Problem statement ▸ Return the listing in full and exactly, but without a single picture.

*** Given data ***

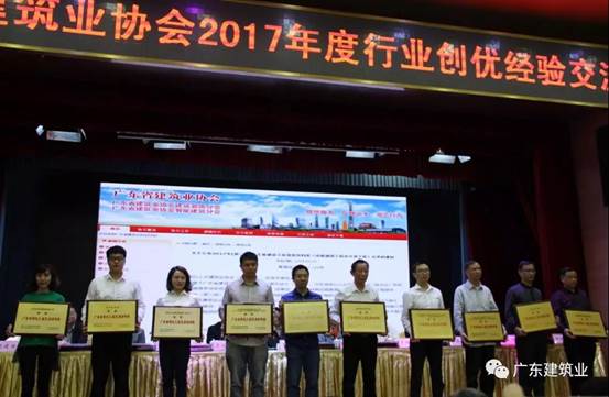 大会分十一批对2017年度我省创优先进企业、创优示范工程以及AAA级信用企业进行了表彰。省住房和城乡建设厅蔡瀛副厅长,行政许可管理处罗锦荣处长,工程质量安全监管处林兆雄处长,建筑市场监管处卿文峰副处长,科技信息处吴学斌副处长;省建设工程造价管理总站卢立明副站长;省社会组织管理局副处长邹丽雅,省建筑业协会梁剑明会长、广州市建筑业联合会杨家峰会长、深圳市建筑业协会尹剑辉会长等领导为获奖代表颁发牌匾和证书。
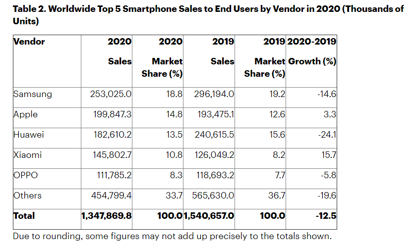 "Salget af 5G-smartphones og billigere mellemklasse-smartphones minimerede markedets fald i fjerde kvartal af 2020," siger Anshul Gupta, forskningsdirektør hos Gartner, i analysen.
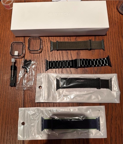 Zudem gehören die gebrauchte Schutzhülle, eine neue ungebrauchte Schutzhülle, das Originalzubehör (Band & Kabel ) 4 zusätzliche Bänder, zwei Bänder davon sind ungebraucht. 1 Band ist ein normales schwarzes Gliederband mit verstellbarer Größe (Teile zum verkleinern/vergrößern sind dabei)
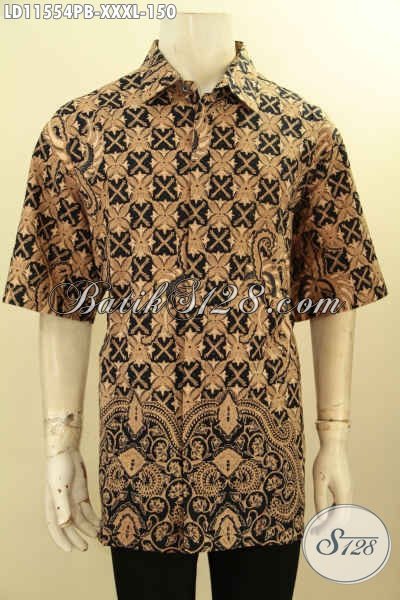 Baju Batik Kerja Pria Gemuk Ukuran XXXL, Hem Batik Jumbo Motif Elegan Trend Masa Kini Proses Printing Cabut Model Lengan Pendek, Di Jual Online 150K [LD11554PB-XXXL]
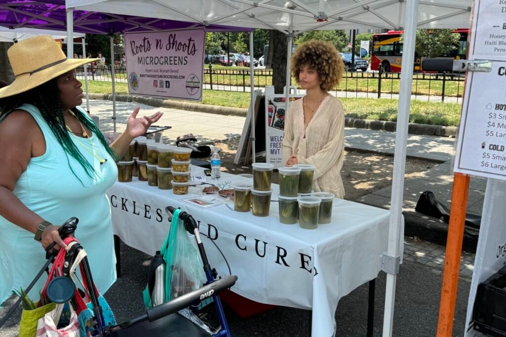 “The things I buy at the farmers market always seem to be fresher, more local, probably from a farmer within 100 miles of here,” Washington, D.C. resident Liz Herman said Saturday as she bought fresh fruits and vegetables at the farmers market in Washington, D.C.’s Mount Vernon neighborhood.
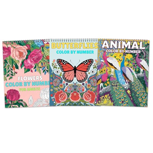 Atoke 3 färg enligt nummer målarbok för vuxna, färgbok med 60 vackra mönster av djur, fjäril och blommor, stor målarbok för vuxna för mindfulness och avstängning
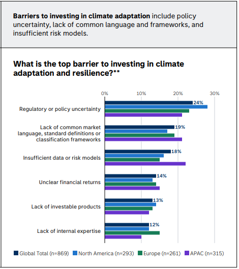 Despite the rising interest in climate adaptation, several structural challenges continue to hinder significant capital flows toward adaptation related solutions. Policy uncertainty remains the most frequently cited barrier, reflecting the difficulty investors face when long term regulatory commitments are unclear or inconsistent across jurisdictions. A lack of common classification frameworks and standard definitions further complicates investment decisions, as investors struggle to compare potential solutions or evaluate their effectiveness. Insufficient data and underdeveloped risk models represent another significant constraint, as accurate assessments of adaptation outcomes require granular, location specific climate projections and methodologies that remain in early stages.
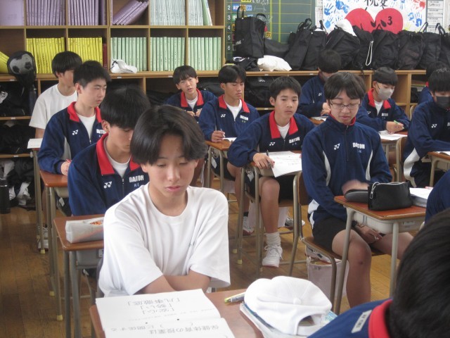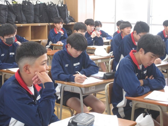 3年3,4組の保健体育(保健)の授業は今年度赴任した髙木先生の初授業でした。テンポよく進められ、生徒さんの表情もとてもいい!挙手による発表を頑張っていました。
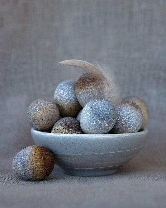 Quail Eggs on Blue Plate White Modern Wood Framed Art Print with Double Matting by Soderman, Tania
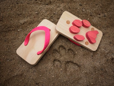 En honor a la tradición Japonesa Ashiato de Kiko kids son unas sandalias rectangulares de madera que imprimen la huella de un animal en la arena, me pregunto porque no las hacen en 26.
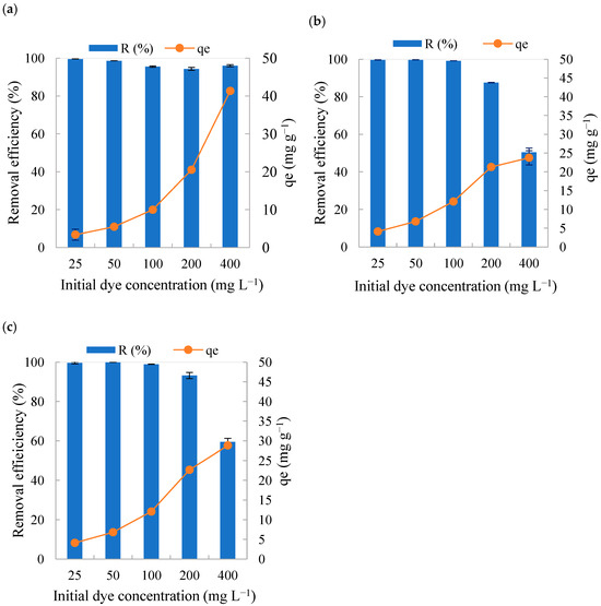 Evaluation of the effect of the initial concentration of MB on the parameters removal efficiency and adsorption capacity (qe) after 24 h of testing for samples (a) BTP-R, (b) BTP-300 and (c) BTP-500.

***

Written solution ▸
 大会分十一批对2017年度我省创优先进企业、创优示范工程以及AAA级信用企业进行了表彰。省住房和城乡建设厅蔡瀛副厅长,行政许可管理处罗锦荣处长,工程质量安全监管处林兆雄处长,建筑市场监管处卿文峰副处长,科技信息处吴学斌副处长;省建设工程造价管理总站卢立明副站长;省社会组织管理局副处长邹丽雅,省建筑业协会梁剑明会长、广州市建筑业联合会杨家峰会长、深圳市建筑业协会尹剑辉会长等领导为获奖代表颁发牌匾和证书。
 "Salget af 5G-smartphones og billigere mellemklasse-smartphones minimerede markedets fald i fjerde kvartal af 2020," siger Anshul Gupta, forskningsdirektør hos Gartner, i analysen.
 Zudem gehören die gebrauchte Schutzhülle, eine neue ungebrauchte Schutzhülle, das Originalzubehör (Band & Kabel ) 4 zusätzliche Bänder, zwei Bänder davon sind ungebraucht. 1 Band ist ein normales schwarzes Gliederband mit verstellbarer Größe (Teile zum verkleinern/vergrößern sind dabei)
 Baju Batik Kerja Pria Gemuk Ukuran XXXL, Hem Batik Jumbo Motif Elegan Trend Masa Kini Proses Printing Cabut Model Lengan Pendek, Di Jual Online 150K [LD11554PB-XXXL]
 “The things I buy at the farmers market always seem to be fresher, more local, probably from a farmer within 100 miles of here,” Washington, D.C. resident Liz Herman said Saturday as she bought fresh fruits and vegetables at the farmers market in Washington, D.C.’s Mount Vernon neighborhood.
 Atoke 3 färg enligt nummer målarbok för vuxna, färgbok med 60 vackra mönster av djur, fjäril och blommor, stor målarbok för vuxna för mindfulness och avstängning
 Despite the rising interest in climate adaptation, several structural challenges continue to hinder significant capital flows toward adaptation related solutions. Policy uncertainty remains the most frequently cited barrier, reflecting the difficulty investors face when long term regulatory commitments are unclear or inconsistent across jurisdictions. A lack of common classification frameworks and standard definitions further complicates investment decisions, as investors struggle to compare potential solutions or evaluate their effectiveness. Insufficient data and underdeveloped risk models represent another significant constraint, as accurate assessments of adaptation outcomes require granular, location specific climate projections and methodologies that remain in early stages.
 3年3,4組の保健体育(保健)の授業は今年度赴任した髙木先生の初授業でした。テンポよく進められ、生徒さんの表情もとてもいい!挙手による発表を頑張っていました。
 Quail Eggs on Blue Plate White Modern Wood Framed Art Print with Double Matting by Soderman, Tania
 En honor a la tradición Japonesa Ashiato de Kiko kids son unas sandalias rectangulares de madera que imprimen la huella de un animal en la arena, me pregunto porque no las hacen en 26.
 Evaluation of the effect of the initial concentration of MB on the parameters removal efficiency and adsorption capacity (qe) after 24 h of testing for samples (a) BTP-R, (b) BTP-300 and (c) BTP-500.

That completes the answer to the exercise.